被告人は、自覚はしていなかったが精神的に追い詰められてしまった。

介護疲れは、被告人自身がどう考えていたかではなく、客観的に判断してほしい。
現実に何ができたかと考えると、選択肢は少なかった。介護サービスは被害者本人が拒否。行政の積極的な介入がなかった、行き届かなかったことが原因の一つ。
周囲の人に相談したが、相手にも生活がある。介護の分担は無理だった。

被告人は『礼子がかわいそう、楽になるのかな』と考えていた。
『とにかく静かになってほしい』というのが犯行理由。
腹が立った、怒りを感じたからではない。電気コードを使ったのはたまたまで、わざわざ用意したものではない。

被告人には前科前歴がない。執行猶予付き判決が相当。
穏やかな老後を望んでいた2人が、殺人事件の加害者と被害者になってしまった」

最後に被告人は、
「本当に多くの人が私のために一生懸命やっていただいて、励ましの言葉をいただいて、ありがたく思っています。一緒になったときは、こんなことはまったく予想していなかった。礼子には、悪かったな、ごめんなさい、それしかありません。
ありがとうございました」
と深く一礼をした。

「裁判員と考え抜いた中で
このような結論になりました」


2024年6月20日。
裁判員の下した判決は、懲役3年執行猶予5年。

「犯行当日、数時間妻をなだめても興奮状態に。殺意を持って首を両手で締め、電源コードで締め付けて殺害した。
妻の心身が悪化しても、『家族が面倒を見るのが当たり前』と考えていた。地域包括支援センターなどにも相談したが、すぐに抜本的な解決策を見いだせなかった。

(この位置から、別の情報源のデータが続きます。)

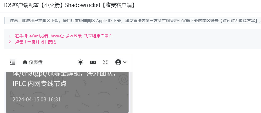 苹果系统由于其特殊性,它的配置方法会相对更加复杂也更加严格,在某些步骤上需要用户谨慎操作,由于涉及账号密码,在此处我们就不再多赘述,大家可以在飞天猪后台内找到详细的图文流程,进行操作。
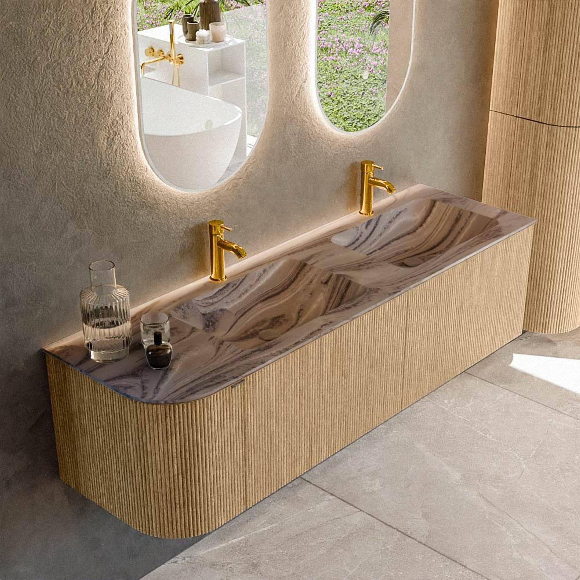 MONDIAZ KURVE-DLUX 155cm meuble de salle de bains arrondi gauche couleur Oak avec 2 tiroirs et 1 porte. Lavabo LEAF Double / droite 2 trous de robinet Sombra.

本人は『介護によるストレスはない』というが、経緯をつぶさに見ると、自覚のないまま疲労感を蓄積させていた。視野が狭窄していた。
確実に遂げるために電源コードを用い、強固な殺意が感じられる。

被害者は服薬などで回復を望んでいたのに、愛する夫から殺害された無念はあまりある。
ただし被告人を直ちに刑務所に収容することが唯一の手段とは思えない。

ただ結果が非常に重いことは強調しておかなければならない。
執行猶予が付く犯罪では最高の、懲役3年で執行猶予5年。
裁判員と考え抜いた中で、このような結論になりました」

うつむいたまま判決を聞いた被告人は、立ち上がって弁護士に深く頭を下げた。
そして被告人席の机に両手をついて、何かを考えるようにしばらくうなだれていた。
被告人の頭の中に去来したのは、何だったのだろうか?
妻の姿だったのだろうか?

執行猶予付き判決だったが、山下被告に安堵した様子はまったくなかった。
長年連れ添った妻を自らの手で殺害したという事実は、何も変わらないのだから……。